We all know the next one is approaching; the run-up to a recession starts with a subtle cooling after a hot market, and many are feeling that cooling already. The next recession may be inevitable, but its impact on a remodeling GC can be surprisingly controllable. While the usual advice may be valid (save money, trim your expenses, reduce your debt), there is a more head-on approach to addressing the underlying problems and developing a meaningful strategy to succeed and prosper. In this session, you will learn three key areas and be provided tools to protect your business and profits in an economic downturn that will also ensure your long-term business success.
Improve Margins by Plugging Profit Leaks
- Understand the real costs of production and accounting for all costs within the project.
- Build business projections based on actual overhead and targeted net profit to know exactly how many jobs per year you need to achieve your goal.
- Identify and fix profit leaks. There are many profit leaks we see in the remodeling business that account for 4-8% slippage in profit. Fixing these areas will increase efficiency and profitability.
Understand and Manage Your Job Mix
- Not all jobs have the same risk and return.
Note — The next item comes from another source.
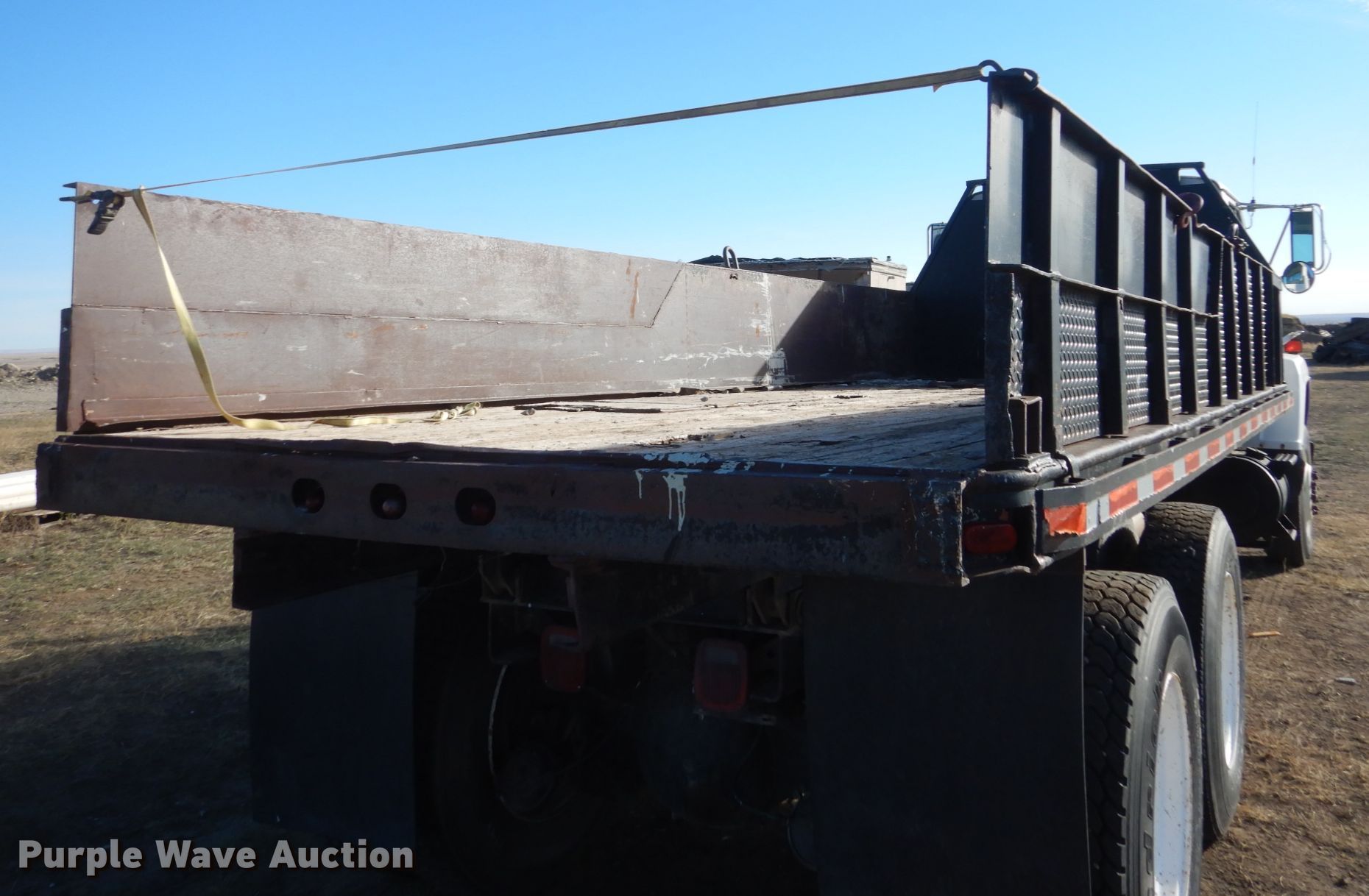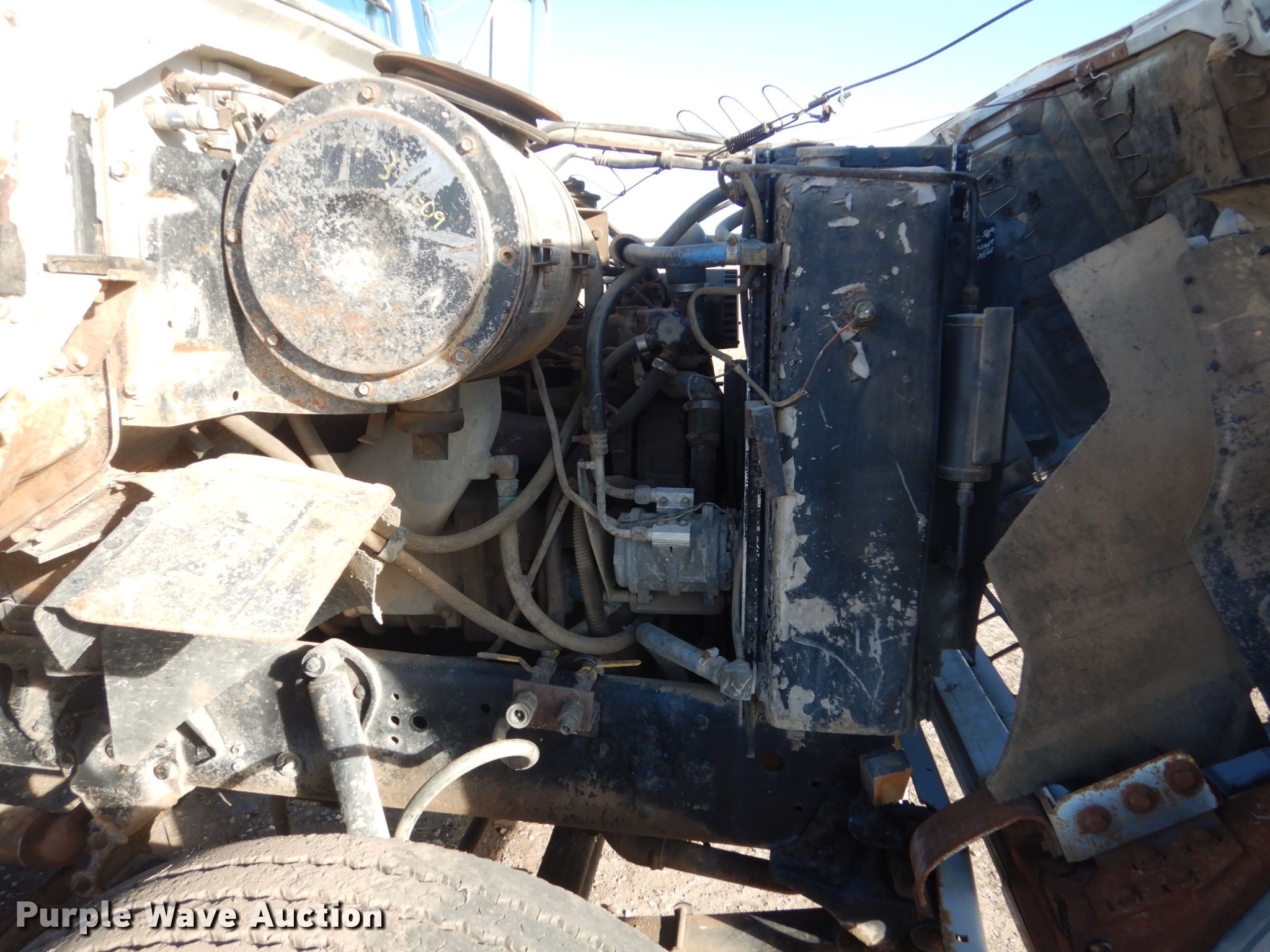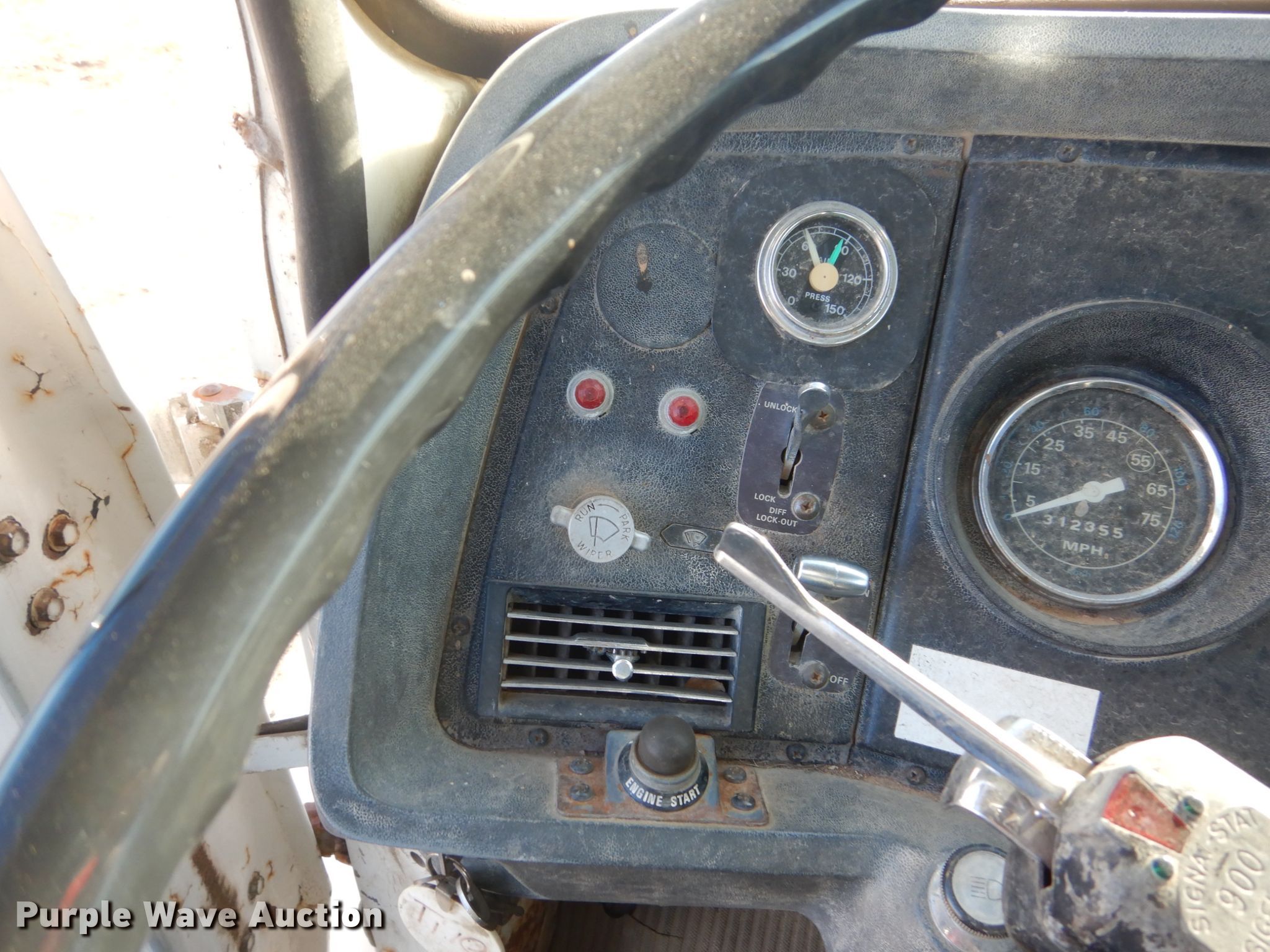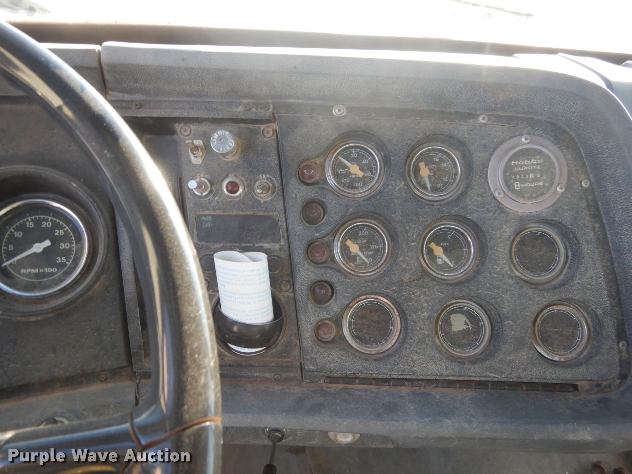 1985 Ford 9000 dump truck. 312,355 miles on odometer, Engine hours: 5,073. Engine Detroit Diesel 6-71, Displacement: 7.0L, Cylinders: 6, Fuel type: Diesel. Transmission Eaton Fuller Roadranger RT-11609, Manual, Speed: 8. Chassis Axles: Tandem, Differential lock: Inter-axle, Suspension: Spring over walking beam, Brakes: Air, PTO, GVWR: 46,000 lbs, Wheelbase: 230". Interior AC, Heat. Operational Dump bed 20' L x 94" W, Side height: 24", Ram: Dual. Tires Front: 12R22.5, Rear: 11R24.5. Notes Windshield chipped or cracked. South Dakota title. 1FDYW90J2FVA27402. Leskca Inc. 210 Cottonwood Dr. Box Elder, SD 57719

Selecting the best jobs for each remodeler based on your strengths and abilities will improve efficiency and profit.
- Identify the right job mix for your business and build projections to identify how many of each type of jobs you need to achieve your goals.
- Refine staffing needed for each job mix and understand the true cost of low production.
Targeted Marketing To Your Ideal Client
- Identify your ideal client based on the business model desired and how to differentiate your business to attract the right clients.
- Build marketing funnels that will consistently attract the clients you want.
- Tracking marketing leads and conversion rates to fill your pipeline with the best jobs.